Design and Construction of Our Volumeter
After a period of trial and error and many prototypes, we arrived at the design depicted in Figure 1, a cylindrical water container with a cap on the bottom and an outflow spout on the top. The morphology of the junction between the container of water and the outflow spout was designed to minimize the size of the meniscus at the top of the cylindrical container, which we identified as an important determinant of precision during the early testing phase with prototypes. Simplicity and ease of handling for home use were major considerations during planning and construction, including cost and availability of materials, sturdiness, risk of leaks, risk of spout breakage, volume and weight of water required, ability to customize to arm length, axillary impediment at the top of the cylinder during arm immersion, and other issues such as rapidity of measurement and ease of disinfection. The cylindrical water container measures 15 cm diameter and 60 cm high (customizable) with a volume of 10.6 L, is made from readily available polyvinyl chloride (PVC) piping used in plumbing, and is welded using solvent glue made to resist high water pressures. With our volumeter, total time to take three consecutive measurements (including filling, emptying, and storing the volumeter; and preparing the collector pitcher and the scale) was approximately 15 minutes.

Measurement Procedure
The volumeter is filled with water at a temperature of 28 to 31°C (average 28°C in this study) to the level of the spout. When air bubbles and waves have subsided, the water is topped off until overflow begins, then stops, indicating that maximum water level is achieved. The volume (either the cast cylinder hanging from a fine metal wire or the arm of a volunteer) is slowly submerged into the full volumeter, causing the water to overflow through the spout. The amount of water displaced is equivalent to its volume. The displaced water is collected into a jug and weighed on a digital kitchen or postal scale with accuracy of 1 g. Water volume is derived from the weight based on the simple formula: 1 L of water weighs 1 kg (corrected for the weight of the pitcher). The displaced water volume is weighed because it is difficult to purchase large enough jugs with precise graduations and minimal meniscus effect and because smaller variations in volume are far more easily and accurately gauged by weighing.

Cylinders of Known Volume
Eleven cylinders of known volume (volume = {pi}r2H; where r is radius and H is height) ranging from 10 mL to 4 L (10, 20, 50, 100, and 500 mL; 1, 2, 2.5, 3, 3.5, and 4 L) were constructed by casting plaster into cylindrical molds, coated with a thin layer of lacquer. Each cast cylinder was immersed three times in succession into each volumeter for a total of 66 measurements (11 x 3 x 2).

Volunteers
A total of 30 arm volumes were measured in 15 volunteers (mean age, 46 years) with a mean weight of 65 kg (range, 51 to 85 kg). The study was explained to all participants who signed an informed consent form; participants were free to withdraw from the study at any time. The study and consent form were approved by the hospital's institutional review board. With the standard volumeter, participants were instructed to lower the arm slowly into the volumeter and to stop when the top of the volumeter came into contact with the axilla. Solely for the purpose of comparing the performance of the two volumeters, we added a supplementary step of making an ink mark on the proximal arm at the water line. With our volumeter, the depth of immersion of the arm was dictated by the ink mark. Each arm was measured three times in succession in each volumeter for a total of 180 measurements (30 x 2 x 3). The volumeters were disinfected between participants.

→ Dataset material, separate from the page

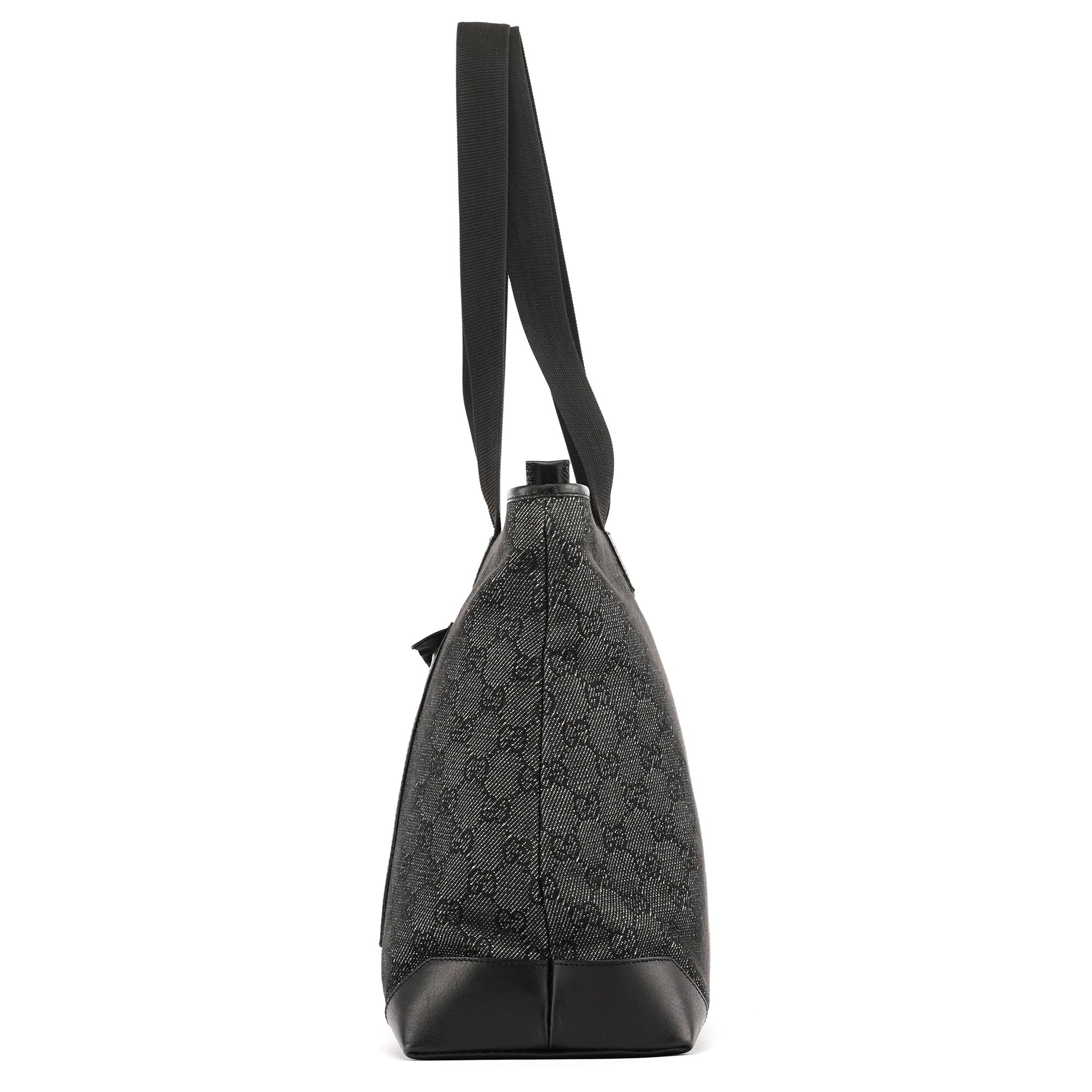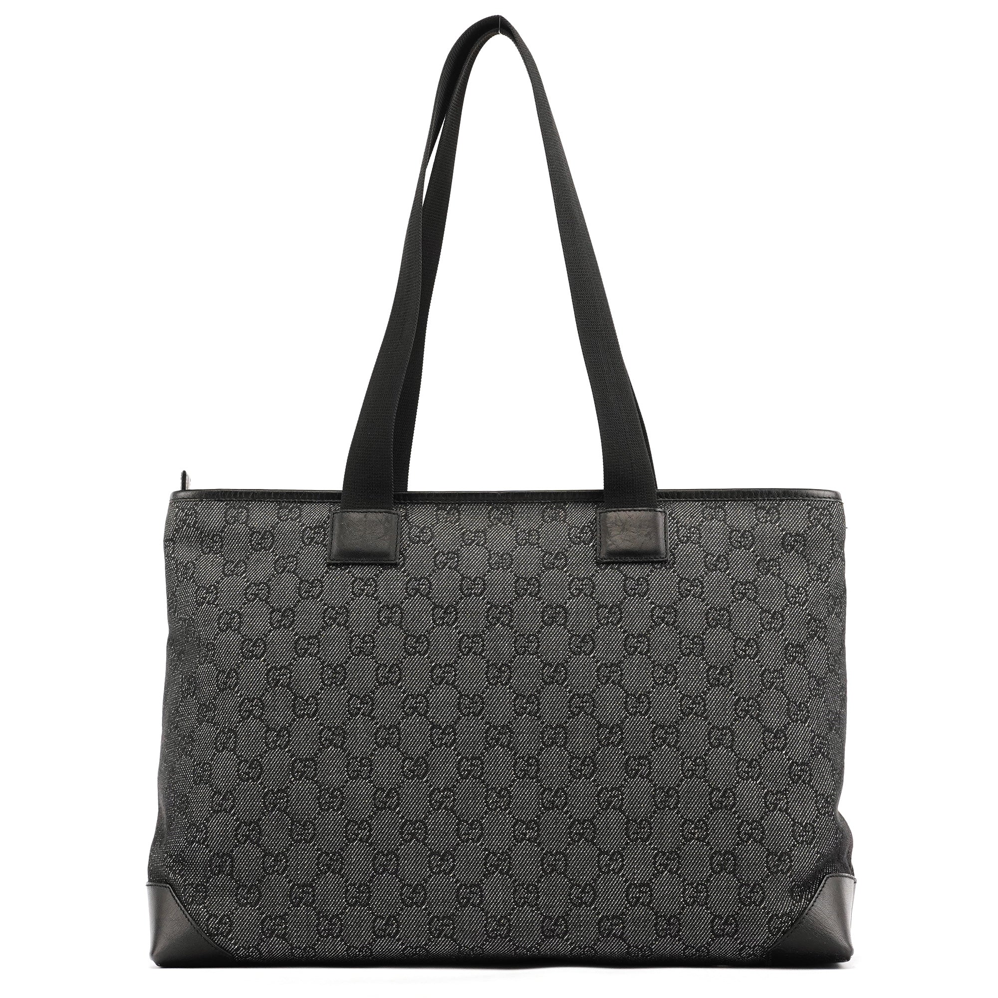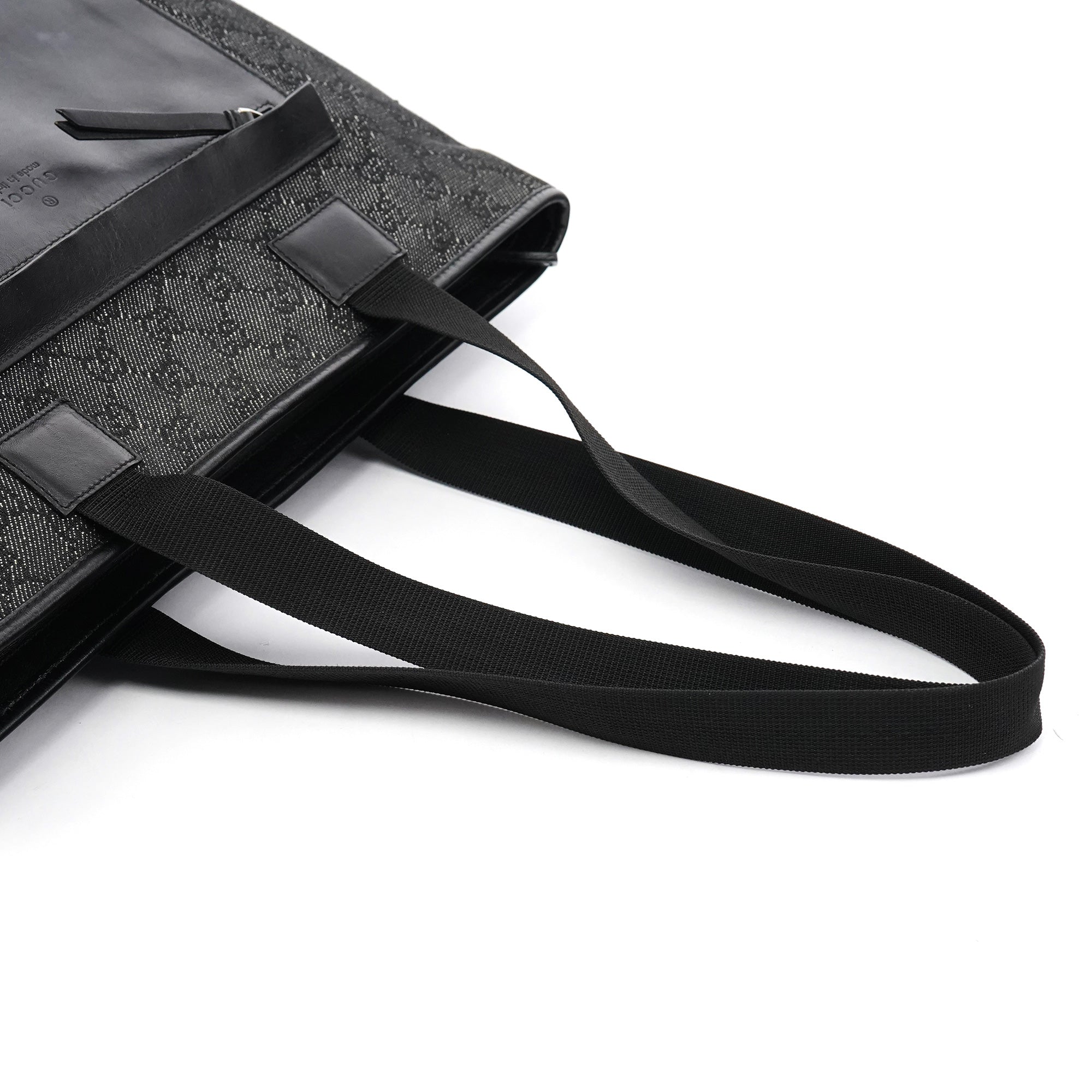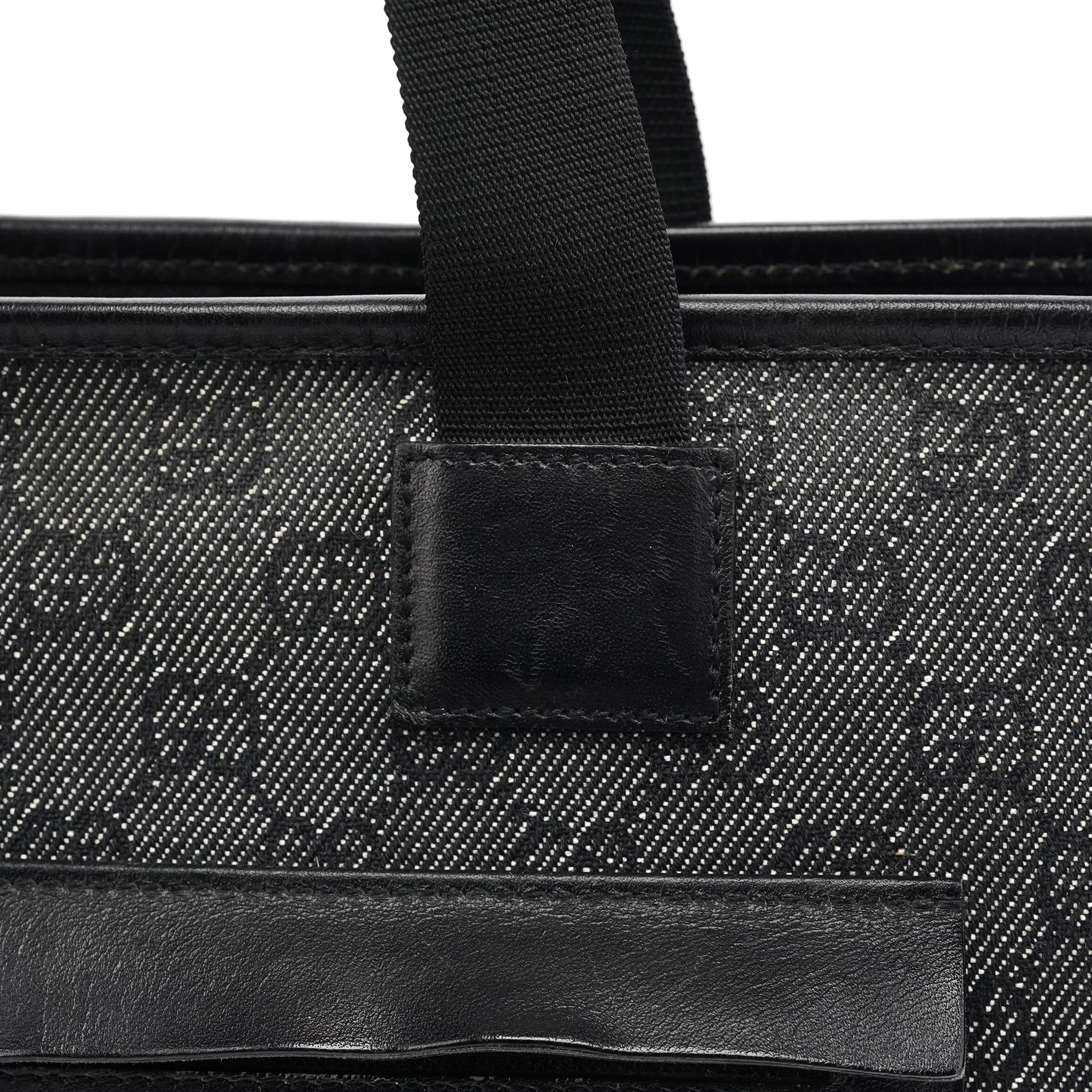 Designed in the late 1990s by Tom Ford for Gucci, this structured tote features black GG monogram canvas with glossy calfskin leather panels and silver-tone hardware. The design is finished with sturdy webbed shoulder straps, a large front zipped pocket, and a top zipper closure. The interior is lined in satin including zipper pocket.

The role of the investigators (the author and an assistant) was limited to explaining the principles of water displacement, the design of the volumeter, and measurement procedure to the volunteers; making the ink mark as required to compare the two volumeters (but unnecessary for home use); observing the measurement; helping refill the volumeter between measurements; and carrying the filled pitcher to the scale (simply to lessen the time necessary to do 12 measurements per participant). The rationale of the volumeter is self-evident from its design; the most critical instruction was to remind the participant to immerse the arm slowly and gently to avoid splashing. The actual measurements were self-measurements (as opposed to measurements done by investigators); in other words, had the volunteers been lymphedema patients, they could have gone home with a volumeter and measured their arm at home without any additional instructions or coaching. Indeed, the reproducibility of measurements (ie, precision—the most important variable from a clinician's point of view) can be quantified by having the patient systematically measure arm volume three times in succession and determine the average standard deviation.

Statistical Analysis
Each measured volume (cast cylinder or arm) was expressed as mean ± standard deviation based on three consecutive measurements.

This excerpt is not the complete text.